The software is a subset of a new architecture, the Information Intensive Framework, or blueprint for what IBM intends to build, IBM New Zealand chief technology officer and chair of the New Zealand SKA Industry Consortium Dougal Watt said.
The software uses the International Virtual Observatory Association Ontology to classify the collected data into concepts and categories that astronomers use, Mr Watt said.
“It’s almost like you’ve gone to an astronomer, plucked the knowledge out of their head and you’ve put it into this system. When it gets data into this system, it’s kind of thinking about that data in a similar way to [what] an astronomer would.”
This involved classifying stars into types, for example, by using logic and reasoning from certain observed factors, such as light levels and frequencies, he said.
The prototype also provided guided search functionality, he said. Where astronomers previously had had to build laborious queries which could sometimes result in a false return of no data due to a fractional parameter error (such as defining a time period for observing a certain type of star that was one second out), the prototype provided guided queries and options.

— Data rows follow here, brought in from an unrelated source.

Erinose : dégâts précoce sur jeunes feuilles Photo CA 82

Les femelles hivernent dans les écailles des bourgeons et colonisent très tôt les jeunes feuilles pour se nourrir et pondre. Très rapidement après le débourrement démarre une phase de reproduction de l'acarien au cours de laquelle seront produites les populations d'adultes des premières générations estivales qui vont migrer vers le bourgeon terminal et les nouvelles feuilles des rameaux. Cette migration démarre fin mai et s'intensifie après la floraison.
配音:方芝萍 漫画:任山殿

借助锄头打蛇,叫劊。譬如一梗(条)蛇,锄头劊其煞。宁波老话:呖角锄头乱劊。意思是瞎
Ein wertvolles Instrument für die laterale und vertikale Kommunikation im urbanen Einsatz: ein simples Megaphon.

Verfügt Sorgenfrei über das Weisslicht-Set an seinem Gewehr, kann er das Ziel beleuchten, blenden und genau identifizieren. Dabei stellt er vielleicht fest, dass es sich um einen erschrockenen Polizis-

“It literally does know, ‘I’ve got all of these objects in my database, and they were observed in this part of the sky, at this time, down to the millisecond and they have these parameters.’ So the system can put these options to you, you know ‘What do you want to search for, these are the types of stars I know about, here’s where they were in the sky, here’s the time of day’.”

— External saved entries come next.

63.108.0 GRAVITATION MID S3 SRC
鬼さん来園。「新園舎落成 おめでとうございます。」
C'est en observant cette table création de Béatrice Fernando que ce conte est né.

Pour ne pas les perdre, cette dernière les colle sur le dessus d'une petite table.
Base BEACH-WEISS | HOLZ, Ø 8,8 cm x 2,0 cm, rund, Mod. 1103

The prototype met its design goals of automating the classification of astronomical objects and improving the efficiency of astronomers’ searches, Mr Watt said.
Analysis of the results of the project suggested ways to extend the prototype to meet SKA’s required performance levels. Mr Watt said this included applying the work alongside an astronomy project’s existing systems, and automating other astronomical processes, as well as building functionality, improving the system and tuning it to real world problems.

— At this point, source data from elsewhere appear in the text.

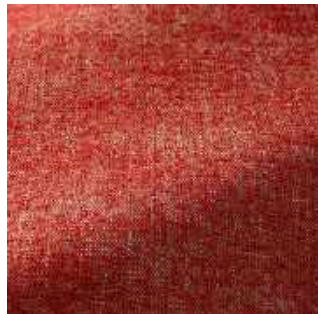
Pavot - 014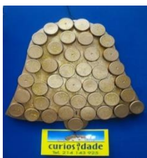
Concurso Enfeites de Natal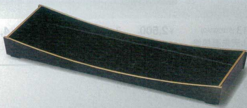
7-493-9 (55001170) ¥1,150 黒天金 A

Indeed, the results from the prototype were also applicable to other organisations faced with a data deluge, he said.
“We have identified several local scenarios which would benefit from automated analysis of performance data to uncover trends, identify anomalies and improve decisions. These range from individual manufacturing plants and telecommunications companies to whole transport networks and healthcare systems.”
IBM worked with Victoria University radio astronomer Dr Melanie Johnston-Hollitt to build the IIF. Dr Johnston-Hollitt said research on exa-scale datasets would force radio astronomers into an as yet unexplored regime of automated processing, imaging and analysis. She said surveys on SKA precursor telescopes were expected to produce catalogues of tens of millions of radio sources and how astronomers organised and classified the data available in the next three years, was a significant challenge.
“We will need new solutions to fully realise the vast scientific potential of these datasets and it’s fantastic that organisations like IBM are prepared to take up that challenge.”